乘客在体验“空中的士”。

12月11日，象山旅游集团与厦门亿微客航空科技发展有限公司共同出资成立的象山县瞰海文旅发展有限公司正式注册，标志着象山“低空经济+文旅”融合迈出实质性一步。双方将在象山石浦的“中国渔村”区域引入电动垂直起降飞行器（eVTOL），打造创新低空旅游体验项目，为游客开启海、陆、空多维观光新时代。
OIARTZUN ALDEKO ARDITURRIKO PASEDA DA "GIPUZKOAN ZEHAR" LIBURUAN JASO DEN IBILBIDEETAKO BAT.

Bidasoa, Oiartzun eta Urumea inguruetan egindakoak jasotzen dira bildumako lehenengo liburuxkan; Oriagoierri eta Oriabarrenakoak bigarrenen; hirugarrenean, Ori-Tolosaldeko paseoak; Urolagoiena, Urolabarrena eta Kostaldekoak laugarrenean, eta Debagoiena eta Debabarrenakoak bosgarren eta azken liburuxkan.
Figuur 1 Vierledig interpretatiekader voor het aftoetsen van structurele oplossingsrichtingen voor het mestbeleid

------------------------------

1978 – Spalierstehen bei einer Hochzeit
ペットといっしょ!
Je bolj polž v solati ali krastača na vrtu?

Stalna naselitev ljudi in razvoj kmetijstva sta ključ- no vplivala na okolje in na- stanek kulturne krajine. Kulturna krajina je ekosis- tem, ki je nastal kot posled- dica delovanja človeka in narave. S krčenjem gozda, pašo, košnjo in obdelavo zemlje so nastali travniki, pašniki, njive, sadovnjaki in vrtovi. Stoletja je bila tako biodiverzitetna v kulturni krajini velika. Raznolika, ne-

------------------------------

## Task requirements
Above this task is a listing. Restate, word for word and with nothing added, the lines from the one with "1978 – Spalierstehen bei einer Hochzeit" through the one with "Stalna naselitev ljudi".

## Output below
1978 – Spalierstehen bei einer Hochzeit
ペットといっしょ!
Je bolj polž v solati ali krastača na vrtu?

Stalna naselitev ljudi in razvoj kmetijstva sta ključ- no vplivala na okolje in na- stanek kulturne krajine. Kulturna krajina je ekosis- tem, ki je nastal kot posled- dica delovanja človeka in narave. S krčenjem gozda, pašo, košnjo in obdelavo zemlje so nastali travniki, pašniki, njive, sadovnjaki in vrtovi. Stoletja je bila tako biodiverzitetna v kulturni krajini velika. Raznolika, ne-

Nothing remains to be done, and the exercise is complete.